講義コード 3311700
開設科目名 量子化学
担当教員 太田 靖人
教員所属 理学部
開講期・曜日・時限・教室 後期 水曜日 3・4時限 A201
授業方法 講義
対象学生 2回生
単位数 2.0
週時間 2



授業の概要
物理化学通論Ⅱで考えた二次元の回転運動モデルを三次元に拡張し、球面上の粒子の運動について考察する。このモデルで得られる知識をもとに、最も単純な実在系である水素原子の取り扱いについて考える。いくつかの基礎的な物理数学によって水素原子の電子状態関数が自然に求められることを説明する。後半は量子力学に基礎をおいた電子状態理論によってどのように多電子原子や分子の性質を理解することができるかについて講義する。
学習・教育目標
物理化学通論Ⅱに続いて量子力学の基礎と原理を理解し,それに基づく電子状態の記述方法を習得する。分子軌道の形やエネルギーを求め,分子の構造や反応性などを量子化学的な観点から考察できるようになる。
キーワード
電子と原子核、 球面調和関数,動径波動関数,オービタル近似、分子軌道法,ヒュッケル近似
授業計画
第1回 球面上の粒子の運動 (1)球面調和関数
第2回 球面上の粒子の運動 (2)極座標グラフの書き方
第3回 電子と原子核のクーロン相互作用
第4回 水素型原子(1) 有効ポテンシャル、遠心力ポテンシャル
第5回 水素型原子(2) 極限領域における動径波動関数の形
第6回 水素型原子(3) 級数解法による動径波動関数の解法
第7回 水素型原子(4) 固有関数の導出
第8回 多電子原子(1)オービタル近似、パウリの原理、スピン、遮蔽
第9回 多電子原子(2)フントの規則、構成原理、イオン化エネルギー
第10回 原子価結合法  σ結合、π結合、昇位、混成
第11回 分子軌道法(1)原子オービタルの一次結合、 結合オービタル、 反結合オービタル
第12回 分子軌道法(2)変分原理 試行波動関数、永年行列式
第13回 ヒュッケル近似(1)共役分子、クーロン積分、共鳴積分、非局在化エネルギー
第14回 ヒュッケル近似(2)環状分子、縮退した軌道の取り扱い
第15回 期末テスト
教科書
1. 「物理化学(上)」第8版 第11章 アトキンス 東京化学同人
参考書
1. 量子化学(上) 原田義也 裳華房
2. 量子化学 大野公一 岩波書店
3. 初等量子化学 大岩正芳 化学同人
成績評価方法
筆記試験、小テストおよびレポートなどを総合的に評価する。下の割合はおよその目安である。

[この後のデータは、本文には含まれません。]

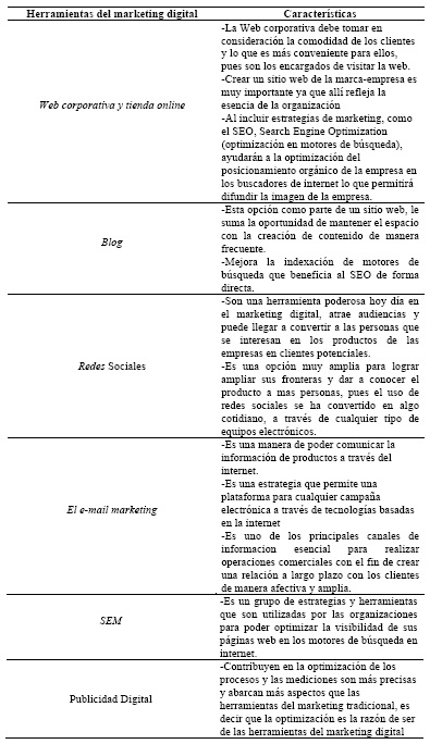 Asimismo, se menciona que con cada evolución el marketing renueva sus herramientas, y en el caso del marketing digital son diversas las herramientas utilizadas para que las empresas logran un buen posicionamiento frente a su competencia, en este sentido el objetivo de esta investigación se basa en analizar las herramientas más utilizadas en el marketing digital en las empresas, a través de una investigación de diseño bibliográfico y de tipo documental.

必ずしも厳密な数値ではない。
成績評価割合
(%)
定期試験(中間・期末試験)小テスト・授業内レポート宿題・授業外レポート授業態度・授業への参加度受講者の発表(プレゼン) 
出 席
 
教員独自項目※
7015105
※成績評価割合の
教員独自項目
備考
化学科物理化学系講義科目(選択科目A群)。物理化学通論Ⅱ,理学部共通専門科目の数学・物理学関係の科目を予め履修しておいてほしい。自分で数式を導いたり,問題を解くことを通して量子化学の考え方を身につけて欲しい。授業で習ったことはその週のうちに復習をして欲しい。